As Redacted May 23, 1994.

*1111 *1112 Thomas Tinkham, Dorsey & Whitney, Minneapolis, MN, for plaintiff.

James Quinn, Weil, Gotshal & Manges, New York City and Janie Mayeron, Popham, Haik, Schnobrich & Kaufman, Ltd., Minneapolis, MN, for defendant.

MEMORANDUM OPINION AND ORDER

DIANA E. MURPHY, Chief Judge.

Plaintiff Northwest Airlines, Inc., (Northwest) brought this declaratory judgment action against defendant American Airlines, Inc., (American) seeking a determination of the legal issues surrounding Northwest's hiring of certain American employees. American counterclaimed alleging Northwest had tortiously interfered with American's employment contracts and misappropriated trade secrets related to finance and yield management information.[1] Before the court is plaintiff's motion for summary judgment.[2]

I.

Between November 1990 and approximately April 1992, Northwest hired 17 former employees in American's finance and yield management departments. All were terminable at will employees, and none had signed non-compete agreements with American. Some of the employees contacted Northwest, some were recruited to Northwest by other former American employees, and others were recruited through a headhunter.

Yield management refers to a system of analyzing financial, logistical, and market data, to make forecasts that become the basis for important business decisions for airlines. Yield management utilizes computer systems and complex equations incorporating many variables to run simulations that help forecast flight information. American claims to have spent 30,000 hours annually, and invested tens of millions of dollars over the last decade, developing the most sophisticated yield management technology in the industry. It claims its yield management system, called DINAMO (Dynamic Inventory And Maintenance Optimizer), gives it a substantial competitive advantage over its competitors and is responsible for increased revenues of $100 million per year.

(redacted)

In 1989 and 1990, Northwest began to reevaluate its yield management system and decided to make an investment in improving it. At first it decided to build a completely new, next generation system that would leap frog the competition at a cost of around $30 million.
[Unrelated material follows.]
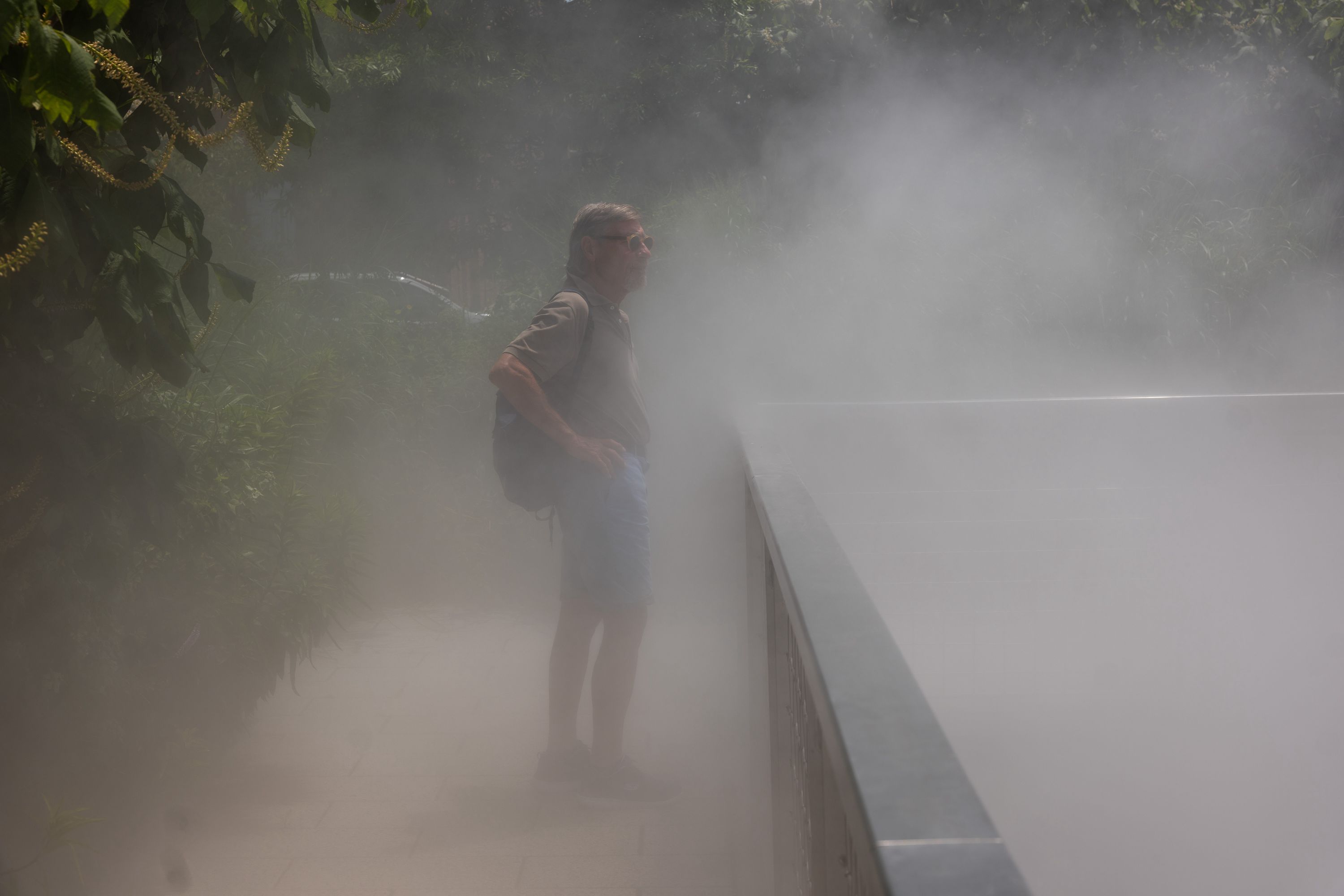 A man walks through cooling mist on a hot afternoon at a park in Brooklyn on July 08, 2024 in New York City. New Yorkers descend on area beaches, parks, pools and cooling centers as the city experiences its second heat wave of the summer season. (Photo by Spencer Platt/Getty Images)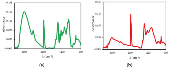 FTIR spectra of unburned bark (a; green line) and bark PyOM (b; red line) from a Scots pine forest. Note. k—wavenumber.

Northwest hired a consultant, IDeaS Inc., to assist on the project. Due to concerns about cost and the risks involved, the project was dropped. Northwest then negotiated about purchasing a fully developed system from American. These discussions broke down, however, when American sought Northwest's Chicago-Narita (Tokyo) route authority as compensation. Northwest claims it then decided to make improvements to its existing system.

To accomplish this task, Northwest hired experienced people from both within and outside the airline industry. Between January 1990 and July 1992 it hired 136 employees for its finance and yield management departments. Of the experienced hires, seventeen *1113 came from American, 21 from other airlines, and 45 from other types of companies.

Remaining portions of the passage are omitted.